In 2020, auto insurers across the country earned massive profits as Americans drove fewer miles while “sheltering in place” and working from home, which meant fewer vehicle crashes and auto insurance claims. In response to public pressure, most insurers provided some refund or credit to consumers. However, the Consumer Federation of America (CFA) estimates that insurance companies could still owe Illinois car insurance customers $896 million in pandemic relief. 

“As chief sponsor and primary advocate for a number of consumer protection measures, it has long been my mission to prevent predatory business practices impacting the hardworking and historically disadvantaged individuals within our communities,” said state Senator Jacqueline Collins. “The Illinois Department of Insurance has shown its commitment to bettering our financial systems and defending the wellbeing of policyholders, and for that I am grateful.

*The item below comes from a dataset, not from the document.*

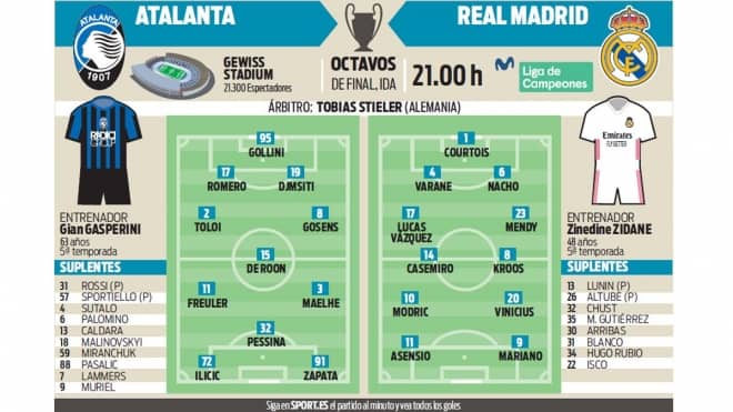 ジネディーヌ・ジダン率いるチームは、キャプテンのセルヒオ・ラモスやストライカーのカリム・ベンゼマ、エデン・アザール、ロドリゴ、エデル・ミリトン、マルセロ、フェデ・バルベルデを負傷によって欠く中、イタリアの戦術家ガスペリーニ率いる“難敵”と敵地で戦わなければならない。

However, there is still much work that needs to be done if we are to effectively and successfully preserve public interests.”

The CFA analysis of insurers’ 2020 premium and claims results found that insurers obtained $42 billion in excess premiums while refunding only $13 billion — meaning they overcharged consumers $29 billion. In effect, insurance companies shortchanged their customers by an average of $125 per insured vehicle nationwide.

"This data call is a good first step, although much work remains to be done," said Michael DeLong, a Research and Advocacy Associate with Consumer Federation of America. "Insurers raked in massive profits during the pandemic, while many consumers were struggling to make ends meet. And they only gave back limited amounts, using the rest of those profits to enrich their shareholders and CEOs."

The California, New Mexico and Washington Departments of Insurance have issued similar data calls to more fully assess the impact of mileage reductions on the exposure to risk of loss during the pandemic. 

California further directed the insurers Allstate, Mercury, and CSAA to refund excess premiums to California drivers or face legal action, a power the Illinois Department of Insurance does not have. In fact, Illinois is one of only two states whose auto insurance regulators have no power to reject or modify rate hikes. Illinois law also does not prohibit "excessive" rates like most states do.

“Illinois has among the weakest auto insurance rate consumer protections in the country, so we appreciate regulators exercising the authority they do have,” said Scarr. “We look forward to working with the Department and Illinois policymakers to improve auto insurance consumer protections going forward.”